2001-11-15 04:06:04

by Anton Blanchard

[permalink] [raw]
Subject: [PATCH] fix livelock in non atomic brlocks


Hi,

One characteristic of brlocks is that you must be able to take recursive
read locks (sparc64, ppc64 interrupt handling and netfilter make use of
this property). On a 16 cpu ppc64 machine I have seen the following
scenario:

cpu 1 (in br_write_lock)
again:
spin_lock(&__br_write_locks[idx].lock);
/* discover reader is present so backoff */
spin_unlock(&__br_write_locks[idx].lock);
goto again;

cpu 2 (in br_read_lock)
again:
read_count++;
mb();
/* discover __br_write_locks[idx].lock is locked */
read_count--;
wmb();
goto again;

If the read retry path is much slower than the write retry path (in this
case mb(); read_count--; wmb(); is quite slow), then both cpus will spin
forever and get nowhere.

We need to make sure the write retry path backs off long enough to
ensure forward progress.

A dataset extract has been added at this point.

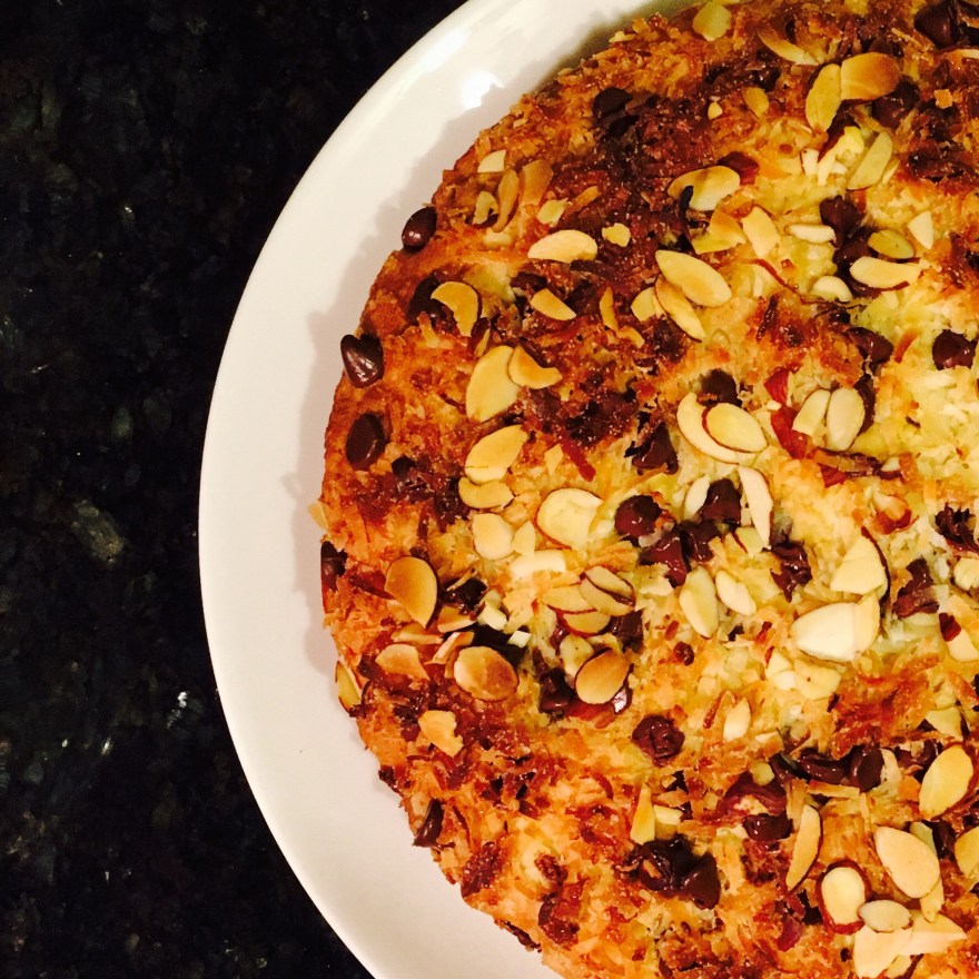 Sift together 1 3/4 cups flour, baking powder, and salt into medium bowl. Add shredded coconut and 1/2 cup almonds then set aside. Using electric mixer, beat sugar, butter, and lemon peel until light and fluffy. Add eggs 1 at a time, beating well after each addition. Beat in vanilla. Add flour mixture in 3 additions alternately with half and half in 2 additions, beating just until blended after each addition. Fold in half of bittersweet chocolate pieces. Spread batter evenly in prepared cake pan. Sprinkle remaining chocolate pieces over batter, then sprinkle with sweetened flaked coconut and almonds.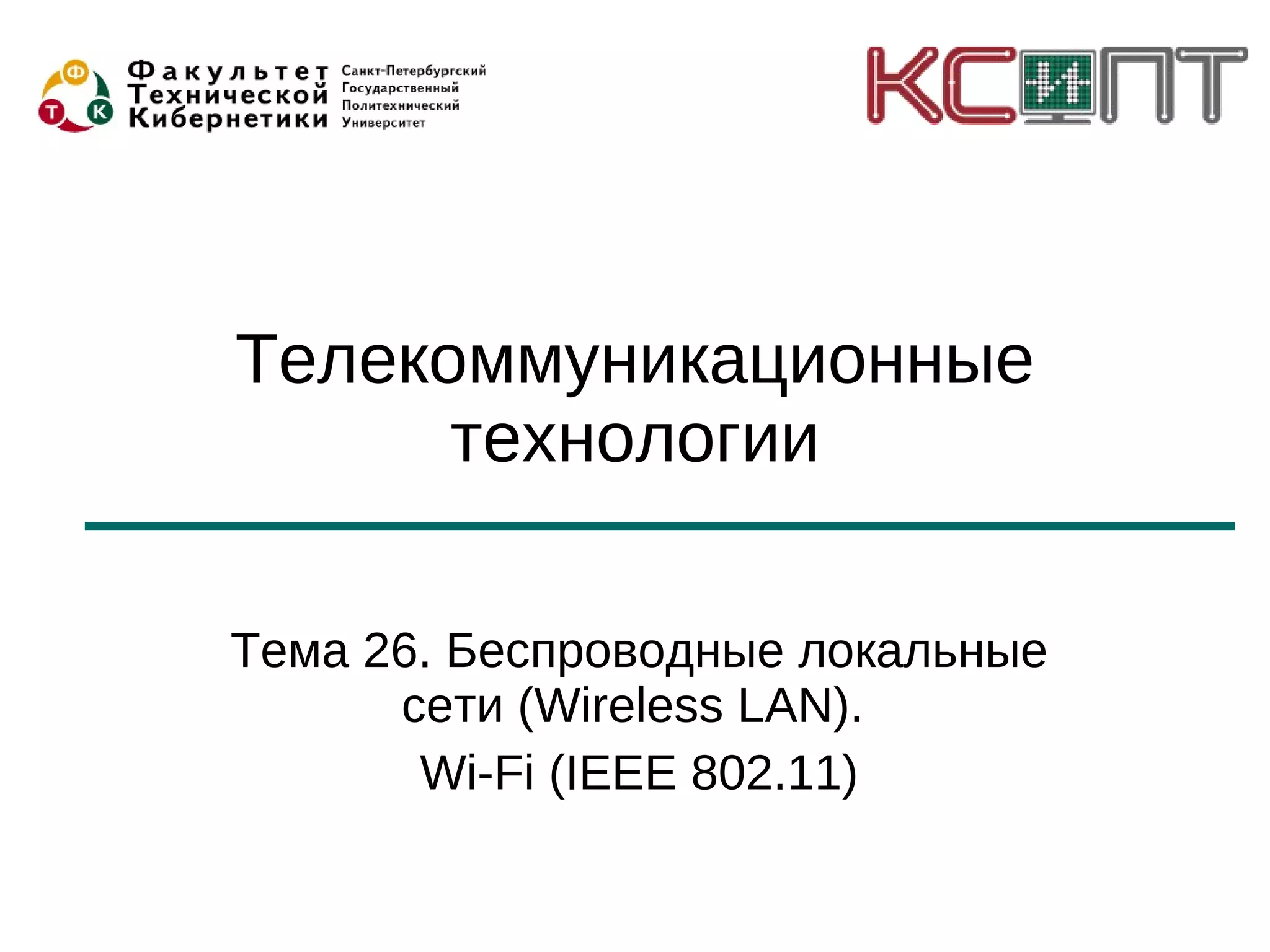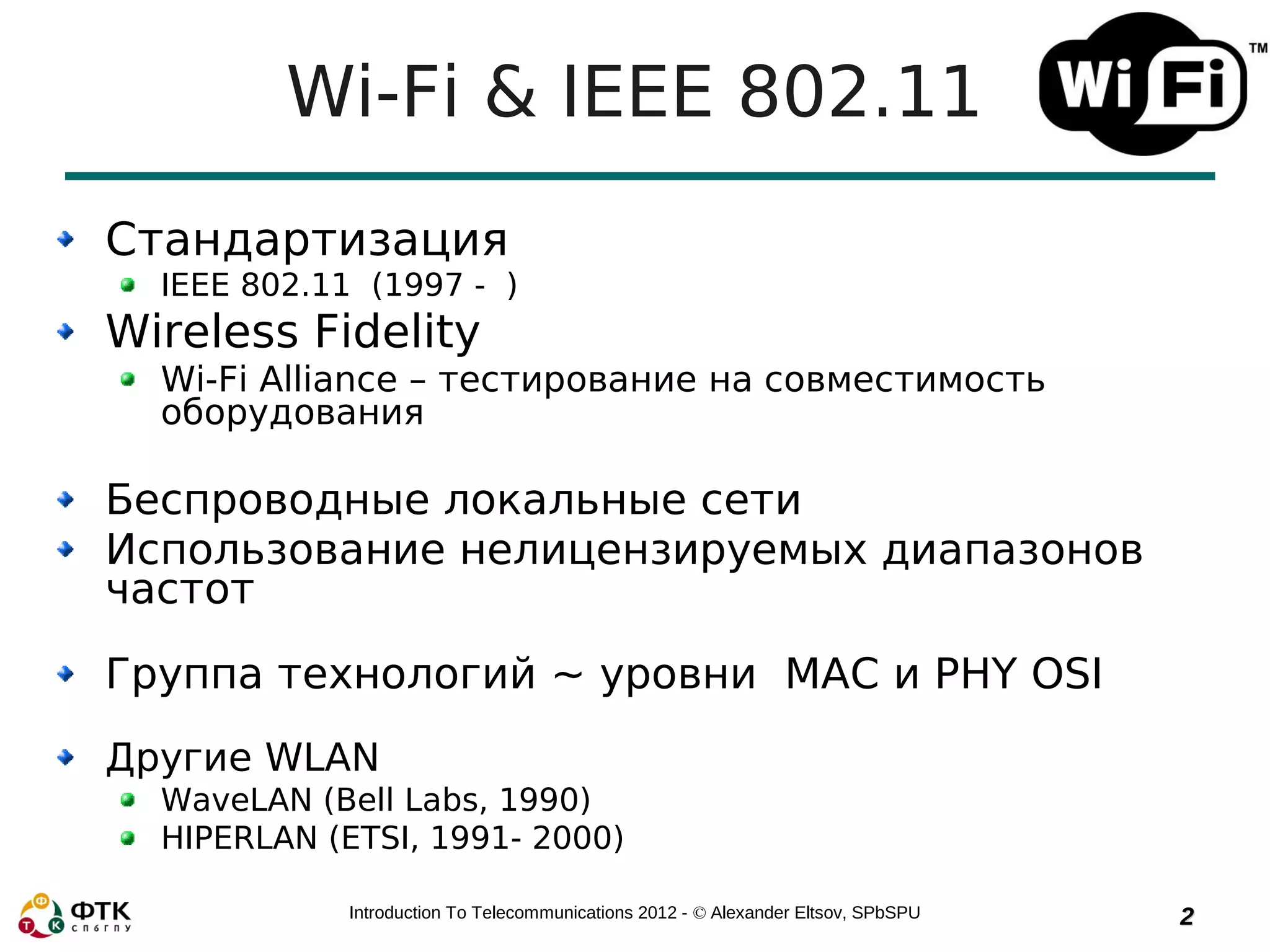 Документ посвящен беспроводным локальным сетям (WLAN) и стандарту Wi-Fi (IEEE 802.11), охватывая их историю, применение, преимущества и недостатки. Описываются различные типы оборудования, технологии передачи данных, методы модуляции, а также вопросы безопасности сети. Также приводится информация о производителях оборудования и стандартах, охватывающих разные диапазоны частот и скорости передачи данных.

A udelay(1) is a rather large hammer but a
br_write_lock is known to be very slow and should not be called much.

Anton

--- 2.4.15-pre4/lib/brlock.c Thu Nov 15 13:38:04 2001
+++ linuxppc64_2_4_rochester/lib/brlock.c Thu Nov 15 13:33:35 2001
@@ -14,6 +14,7 @@

#include <linux/sched.h>
#include <linux/brlock.h>
+#include <linux/delay.h>

#ifdef __BRLOCK_USE_ATOMICS

@@ -54,7 +55,8 @@
if (__brlock_array[cpu_logical_map(i)][idx] != 0) {
spin_unlock(&__br_write_locks[idx].lock);
barrier();
- cpu_relax();
+ /* We must allow recursive readers to make progress */
+ udelay(1);
goto again;
}
}